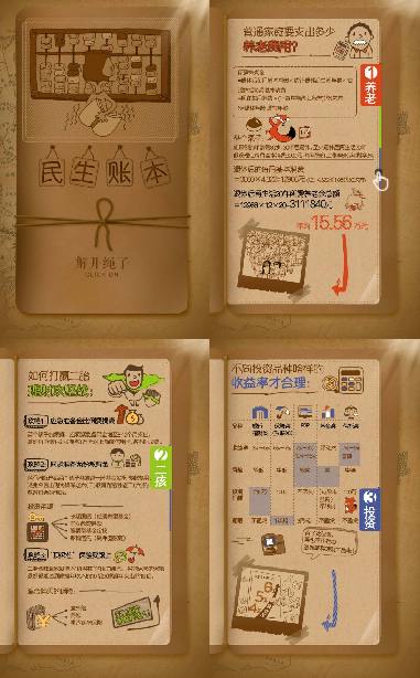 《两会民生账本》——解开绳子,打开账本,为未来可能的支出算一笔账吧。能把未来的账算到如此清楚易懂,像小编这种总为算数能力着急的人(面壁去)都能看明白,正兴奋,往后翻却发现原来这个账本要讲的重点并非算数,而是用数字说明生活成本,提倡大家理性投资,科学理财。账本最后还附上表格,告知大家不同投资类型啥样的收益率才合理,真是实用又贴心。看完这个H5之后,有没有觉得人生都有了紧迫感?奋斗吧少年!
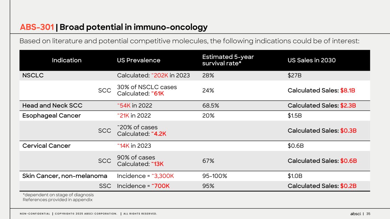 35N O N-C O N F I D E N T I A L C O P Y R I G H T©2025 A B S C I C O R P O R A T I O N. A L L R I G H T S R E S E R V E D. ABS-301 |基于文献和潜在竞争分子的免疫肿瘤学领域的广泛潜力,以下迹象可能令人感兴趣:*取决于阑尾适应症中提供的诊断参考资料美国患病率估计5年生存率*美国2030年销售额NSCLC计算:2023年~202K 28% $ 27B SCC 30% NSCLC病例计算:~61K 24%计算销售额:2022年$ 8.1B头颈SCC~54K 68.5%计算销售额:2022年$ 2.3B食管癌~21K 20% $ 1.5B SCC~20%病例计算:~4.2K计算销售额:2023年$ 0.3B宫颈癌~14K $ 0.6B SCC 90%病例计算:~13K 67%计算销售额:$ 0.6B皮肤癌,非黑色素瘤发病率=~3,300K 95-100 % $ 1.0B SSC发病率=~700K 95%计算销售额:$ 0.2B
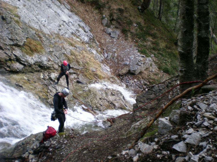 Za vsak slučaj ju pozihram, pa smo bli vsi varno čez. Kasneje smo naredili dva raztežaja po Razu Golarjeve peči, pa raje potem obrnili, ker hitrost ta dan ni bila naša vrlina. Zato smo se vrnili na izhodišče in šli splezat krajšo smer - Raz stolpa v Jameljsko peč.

+ + +

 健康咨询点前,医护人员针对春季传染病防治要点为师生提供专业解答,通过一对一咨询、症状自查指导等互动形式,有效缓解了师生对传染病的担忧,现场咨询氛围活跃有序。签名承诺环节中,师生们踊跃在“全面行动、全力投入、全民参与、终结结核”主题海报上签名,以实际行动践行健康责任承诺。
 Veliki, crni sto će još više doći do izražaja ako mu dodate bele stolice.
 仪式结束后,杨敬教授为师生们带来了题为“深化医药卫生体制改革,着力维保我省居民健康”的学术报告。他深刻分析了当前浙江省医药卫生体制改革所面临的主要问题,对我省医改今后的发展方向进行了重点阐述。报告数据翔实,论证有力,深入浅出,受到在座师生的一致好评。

+ + +

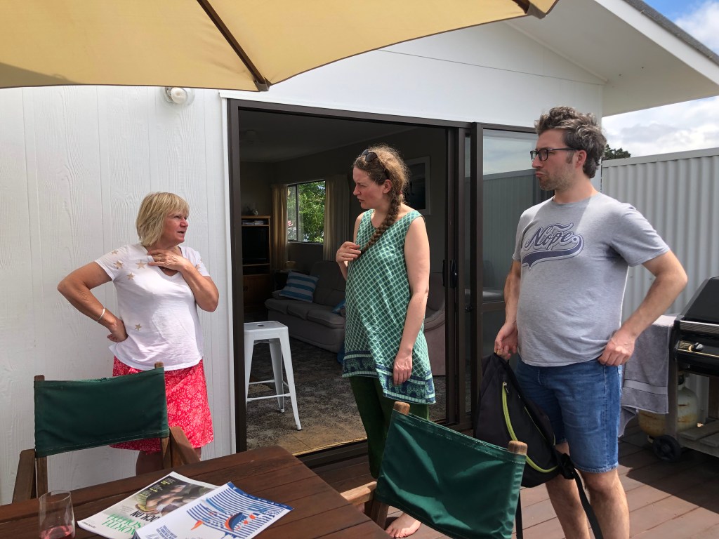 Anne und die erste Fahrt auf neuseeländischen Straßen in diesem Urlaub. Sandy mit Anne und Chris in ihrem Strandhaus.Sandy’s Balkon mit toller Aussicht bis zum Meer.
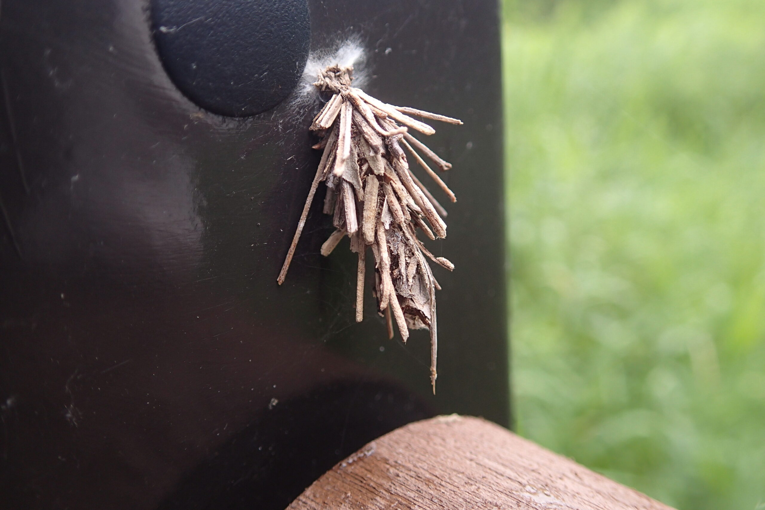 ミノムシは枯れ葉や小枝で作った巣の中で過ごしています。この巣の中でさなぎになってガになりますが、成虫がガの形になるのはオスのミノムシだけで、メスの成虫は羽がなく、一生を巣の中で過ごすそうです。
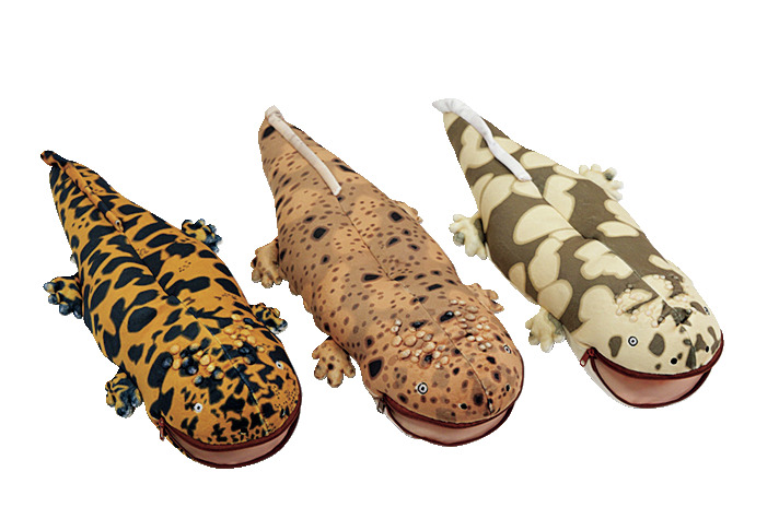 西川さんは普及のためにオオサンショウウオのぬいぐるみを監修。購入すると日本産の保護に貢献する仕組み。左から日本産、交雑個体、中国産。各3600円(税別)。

+ + +

Return only the part above that opens with the line containing "35N O N-C O" and closes with the line containing "Za vsak slučaj", exactly and with both ends, skipping the pictures.

 35N O N-C O N F I D E N T I A L C O P Y R I G H T©2025 A B S C I C O R P O R A T I O N. A L L R I G H T S R E S E R V E D. ABS-301 |基于文献和潜在竞争分子的免疫肿瘤学领域的广泛潜力,以下迹象可能令人感兴趣:*取决于阑尾适应症中提供的诊断参考资料美国患病率估计5年生存率*美国2030年销售额NSCLC计算:2023年~202K 28% $ 27B SCC 30% NSCLC病例计算:~61K 24%计算销售额:2022年$ 8.1B头颈SCC~54K 68.5%计算销售额:2022年$ 2.3B食管癌~21K 20% $ 1.5B SCC~20%病例计算:~4.2K计算销售额:2023年$ 0.3B宫颈癌~14K $ 0.6B SCC 90%病例计算:~13K 67%计算销售额:$ 0.6B皮肤癌,非黑色素瘤发病率=~3,300K 95-100 % $ 1.0B SSC发病率=~700K 95%计算销售额:$ 0.2B
 Za vsak slučaj ju pozihram, pa smo bli vsi varno čez. Kasneje smo naredili dva raztežaja po Razu Golarjeve peči, pa raje potem obrnili, ker hitrost ta dan ni bila naša vrlina. Zato smo se vrnili na izhodišče in šli splezat krajšo smer - Raz stolpa v Jameljsko peč.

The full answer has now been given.